Pressure sores form very quickly in the elderly as the skin is thin and breaks easily.

Bedridden, immobile, wheelchair users, over weight persons and the elderly are at a high risk of pressure sore formation.

How to avoid pressure sores from forming, a few measures need to be taken…

Keep the skin clean and dry. Use cream for dry skin and if possible use water-based cream.

Dress the person in zipper and button free clothing. And try to dress the person in loose fitting, lightweight clothing.

Avoid creases and crumbs in the bed.

Change the person’s position regularly – every hour if possible, though in nursing homes it is not always possible to do so and every 2 hours positions might get changed.

Sweat and body fluids will also create pressure sores. Ensure the bed is always dry.

Cotton bedding is the best for bedridden persons as sweat will be absorbed and try to avoid plastic bed protectors and rather use waterproof cotton protectors.

And use pillows to lift and support pressure point areas.

How will you know if a pressure sore is forming?

The area where there was pressure will be red. As pressure is constantly applied the area will become an open sore and eventually it will become a hole where you will be able to see the bone underneath. This is the last stage of a pressure sore. The skin will be black in the area and there might be a nasty smell. When a pressure sore is suspected, call on your doctor and he will advise you on how to go forward. But there is a way for you to halt the pressure sore forming into a huge sore.

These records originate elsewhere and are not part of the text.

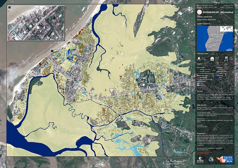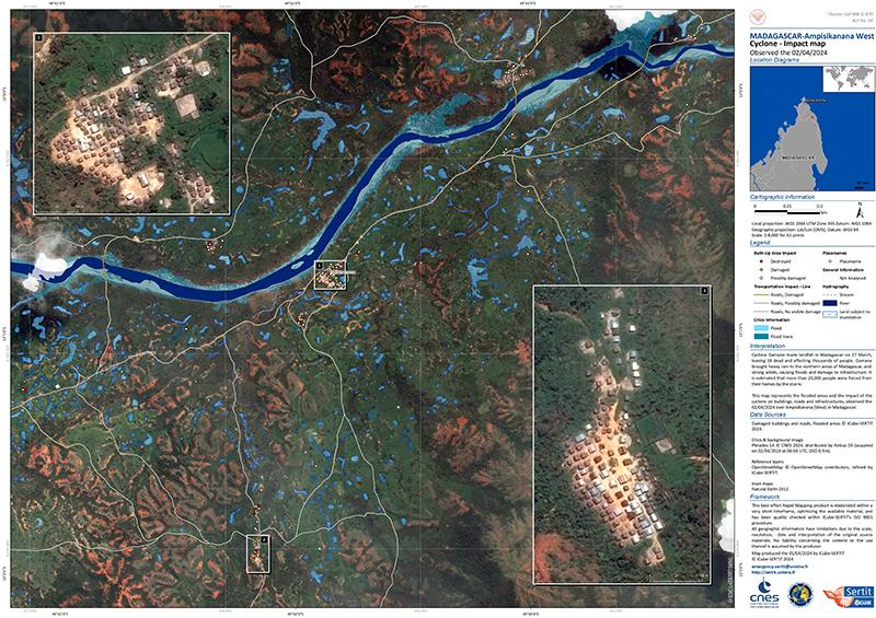 The impact is tangible; for instance, during Tropical Cyclone Honde in March 2025, which displaced over 21,600 people and damaged or destroyed nearly 9,000 homes, BNGRC leveraged Charter resources to produce rapid flood impact maps for Toliara and Morondava, supporting relief operations in hard-hit regions. Similarly, in March 2024, Cyclone Gamane triggered catastrophic flooding and landslides across northern Madagascar, forcing 20,000 people from their homes. Thanks to direct activation, BNGRC obtained high-resolution imagery and flood assessments within days, to inform targeted evacuations and resource allocation.
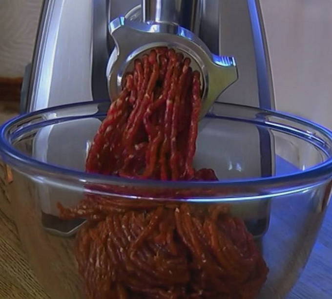 - We halen het vlees door een vleesmolen.
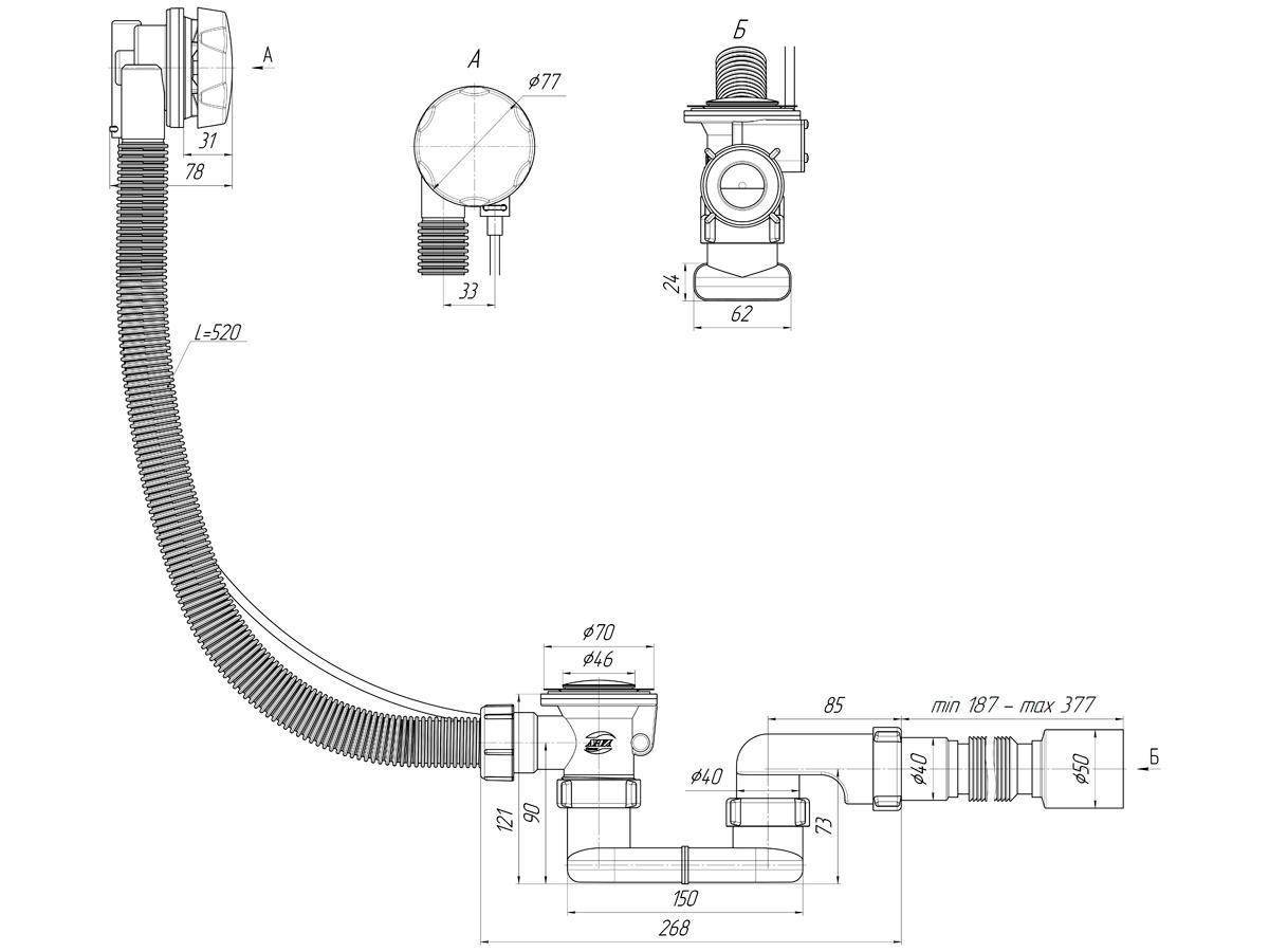 Сифон для ванны click/clack, плоский, с переливом и сеткой, гофра в компл.В наличии
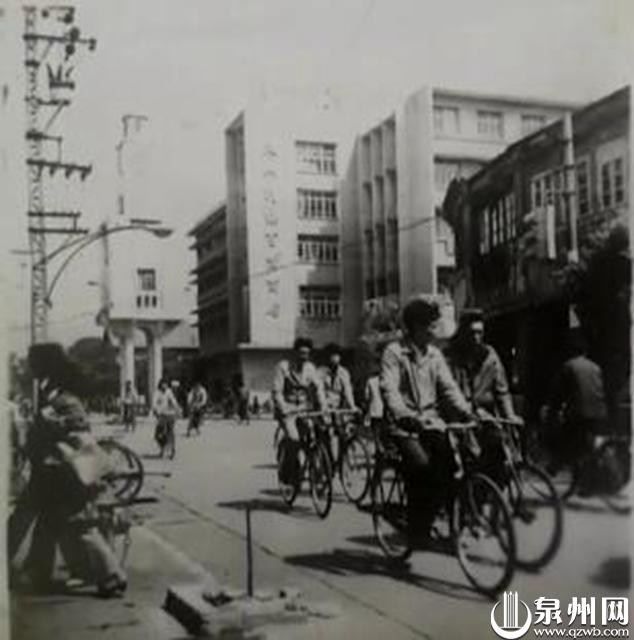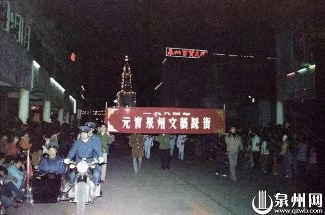 1984年泉州元宵文艺踩街活动中,在中山中路可以看到钟百楼上的“泉州百货大楼”几个字,如今已不存在。

When you see the redness of the pressure area/s that the person was laying on or pressing on, then change the position and rub gently a little water-based cream onto the area. The redness will disappear.

Remember: you are doing your best, and if a pressure sore should form – well you did your best and you need not be hard on yourself. In the nursing world one can never know it all. We always learn new things every day. Keep up the good work and your efforts will be rewarded.